Invitrocue is a life sciences company providing healthcare bio-analytics solutions for the pharmaceutical and medical industries. As its name suggests, the company specializes in in-vitro cell-based testing technologies and image analytics software for use in digital pathology.
Founded in 2013 by Dr Steven Fang and Professor Hanry Yu, Invitrocue’s business model provides fee-for-service testing of new drugs, vaccines, therapeutics and cosmetics for biopharmaceutical clients. It also earns revenues from its digital pathology business, which scans and digitises physical tissue slides for pathologists around the world to access via an online portal, and analyses the slides via its proprietary image analysis software and algorithms.
Recently, InvitroCue entered the oncology (cancer) drug testing market. It has developed Onco-PDOTM, which stands for ‘oncology patient-derived organoid’. This offers 3D cell-based scaffolding technology that mimics human organ samples, alongside proprietary processes that enable the culturing of patient-derived cancer cells (organoids) in laboratories. These can be used for testing to support clinical decision-making against a panel of approved drugs and new drug candidates – an important enabler for ‘personalised medicine’.
This new platform helps pharmaceutical companies, medical researchers and academic institutions understand the impact of cancer treatments (both approved drugs and new drug candidates) prior to conducting time-consuming and expensive clinical trials. It also supports assessment of the effects of new and FDA-approved drugs on individuals before they are actually administered, reducing risk.
The company’s core technology, consisting of three patent families, was originally spun out of Singapore’s Agency for Science, Technology and Research (A*STAR) and developed in partnership with the National University of Singapore (NUS). Collaboration with leading biopharmaceutical clients and scientific collaborators remains an important aspect of Invitrocue’s activities.
Invitrocue also conducts in-house R&D, which will lead onto new patent applications – a route that is of considerable interest to the company, as a means of strengthening its negotiating position and “protecting itself from pharmaceutical companies.”
The company recently became listed on the Stock Exchange. As part of this process, it was important for all of its IP to be disclosed and explained, as part of the prospectus for investors. This awareness of the company’s asset value is also very important in internal decision-making and strategy development.
Companies often face challenges deciding when to file for patent protection: it needs to be early enough to provide the earliest possible date of protection over competitors, but not so early that you run out of money to support the application, or don’t have enough information to support the patent filing rules.
Invitrocue’s preferred option is now to file a provisional patent application when it has sufficient data, but before entering into any commercial negotiations, so that the company can prove its entitlement to the IP should any disagreement arise later. In essence, the patent application can ring fence the company’s ‘background IP’ brought to the table at the outset of any collaboration.
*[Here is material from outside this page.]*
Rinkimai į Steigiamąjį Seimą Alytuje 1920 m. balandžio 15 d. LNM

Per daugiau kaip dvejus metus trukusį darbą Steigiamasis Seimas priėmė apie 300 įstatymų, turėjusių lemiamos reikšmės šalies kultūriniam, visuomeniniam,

Invitrocue is actively considering alternative partnering and commercialisation options in order to ‘by-pass’ the difficult discussions it often has with pharma companies, who are proving possessive of any IP involving novel target discovery using Invitrocue’s platforms. Instead, in terms of consumer health, Invitrocue has focused on a service-based model, working directly with oncologists. It has gone as far as setting up its Chinese subsidiary, Invitrocue Suzhou, where the market for personalized medicine is large and it is easier for Invitrocue to exercise a greater degree of influence and control over sensitive matters such as publication timings.
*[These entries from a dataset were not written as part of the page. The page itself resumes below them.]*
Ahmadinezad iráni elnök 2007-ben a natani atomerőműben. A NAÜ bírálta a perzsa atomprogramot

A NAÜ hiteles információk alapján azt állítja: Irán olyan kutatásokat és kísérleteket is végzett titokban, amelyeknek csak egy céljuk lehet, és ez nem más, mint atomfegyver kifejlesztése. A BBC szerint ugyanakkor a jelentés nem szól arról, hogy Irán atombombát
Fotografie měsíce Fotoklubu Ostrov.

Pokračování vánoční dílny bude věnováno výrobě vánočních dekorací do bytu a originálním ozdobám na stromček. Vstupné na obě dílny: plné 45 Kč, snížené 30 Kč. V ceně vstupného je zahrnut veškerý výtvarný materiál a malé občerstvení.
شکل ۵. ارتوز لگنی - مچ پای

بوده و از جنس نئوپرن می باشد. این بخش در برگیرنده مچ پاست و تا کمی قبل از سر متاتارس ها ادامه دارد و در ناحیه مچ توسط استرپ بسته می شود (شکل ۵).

Invitrocue has also developed a number of bio-analytical assays. The company has not routinely filed for patent protection for these assays, which they believe are “difficult to patent”; they also feel that the interpretation of the assays, rather than the assays themselves, are the most valuable element. They are acutely aware of the need to publish by academic collaborators, which makes it difficult to maintain the desired level of secrecy.
The solution the company has settled on is to exercise careful control over the data that is ultimately published in peer reviewed journals, to ensure that the most commercially sensitive elements are not disclosed. The company is acutely aware of the need to maintain secrecy, and whilst most staff have access to proprietary assays, there is a ‘black box’ known only to select members of staff where information regarding really sensitive material is kept – for example, the secret constituents of growth factors used to grow oncology tissue samples in proprietary oncology assays.